NZFS and FCB are calling their collaboration “a technology first – an immersive and gripping interactive experience”.

Through interactive 360 video with a VR option, the user steps into the lounge to find a small fire has started on a clothing rack, left too close to the heater. What looks manageable is, in fact, already out of control – you have seconds to get out.

Through completing the experience, users learn why they need an escape plan.

Since Escape My House was officially launched six days ago – on Wednesday 22 March – the online tool has been experienced by 120,000+ users and the video on Facebook has been viewed more than 10 million times and shared by 86,000 people.

Beyond NZ
It has gone beyond New Zealand and has also been accessed by Australia, Austria, Canada, France, Taiwan and the United States.

The project demonstrates in a very tangible way the need for Kiwi households to be prepared for a fire. We’ve been told for years that fire is fast, it’s disorienting and terrifying. We’ve been told that, to make it out alive, we need to plan. But so many people don’t have this in place. Less than one third of New Zealand households have a detailed escape plan.

You next?
Like many issues of safety, this apathy is based on beliefs including, “It won’t happen to me”, or “I know what I’m doing – I don’t need a plan”. So, FCB set about dismantling these beliefs – a house fire could happen to you, and if you’re not ready, you might not make it out alive.
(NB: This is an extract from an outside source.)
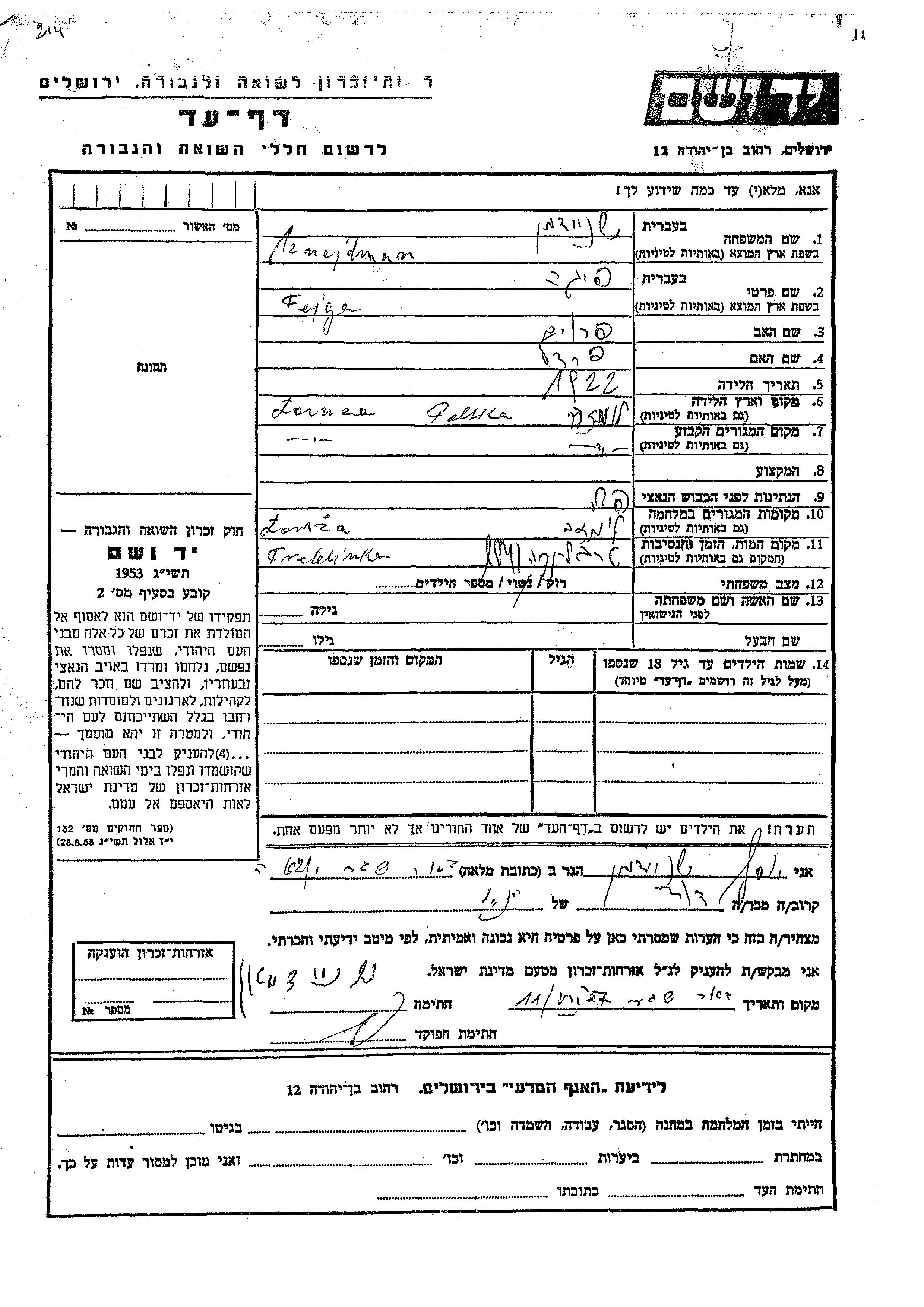Feiga Sznejdman was born in Łomża, Poland, 1922 to From and Fradel. She was single. Prior to WWII she lived in Łomża, Poland. During the war she was in Łomża, Poland. Feiga was murdered in the Shoah. Place of death: Treblinka, Poland, 1941.
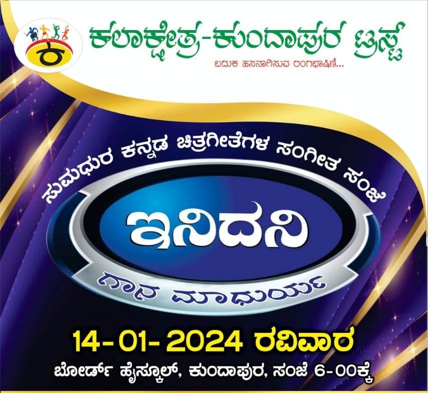 ಜ.14ರಂದು ಕುಂದಾಪುರದಲ್ಲಿ ‘ಇನಿದನಿ’ ಸುಮಧುರ ಕನ್ನಡ ಚಿತ್ರಗೀತೆಗಳ ಸಂಗೀತ ಸಂಜೆ : ಪ್ರಸಿದ್ಧ ಗಾಯಕ, ಗಾಯಕಿಯರು, ಕಲಾವಿದರು ಕುಂದಾಪುರಕ್ಕೆ

The Escape My House experience is real video footage from an actual house burning down. in Palmerston North, where all filming took place. It was a derelict house donated to the NZFC for training purposes. Everything catches fire exactly as it would in a real situation. The 360˚ cameras set up to capture the fire had to be proofed to withstand extreme heat.

With the experience, as the fire rampages through the house, obstacles start to hinder your escape. The window is jammed. The front door is deadlocked. If you haven’t planned for this, your home can quickly become a death trap.

To get people to realise they aren’t prepared for a house fire was only half the job done though. At the end of the experience users are invited to take action. Developed to compliment the online experience is the Escape Planner tool, which walks users through the quick and easy process of making a plan for their own house. A major benefit of this new resource is that users aren’t planning based on their memory of their home’s layout – a known roadblock in the past. The mobile-friendly Escape Planner tool enables them to move around their homes and check out the possible exits, while they’re planning.

FCB digital creative director Matt Barnes commented: “Getting the chance to work with the New Zealand Fire Service on this project has been both exhilarating and terrifying, in equal measures.

Being that close to a raging house fire is an experience I’ll never forget. I have always been a ‘she’ll be right’ kind of guy when it comes to making an escape plan, but the act of making Escape My House has profoundly changed my approach to getting myself and my family sorted. Hopefully this project will have the same effect on all New Zealanders.”

The Escape My House campaign is new territory for the Fire Service – moving away from telling the story of what’s at stake and, instead, looking to tackle behaviour change with a very real demonstration of the issue at hand.

Show, not tell
NZFS acting external communications manager Mel Weddell said: “It’s tough tackling the long-held, ‘it won’t happen to me’ attitude of so many New Zealanders. Most worryingly, as a result, very few of us have an escape plan and safe meeting place.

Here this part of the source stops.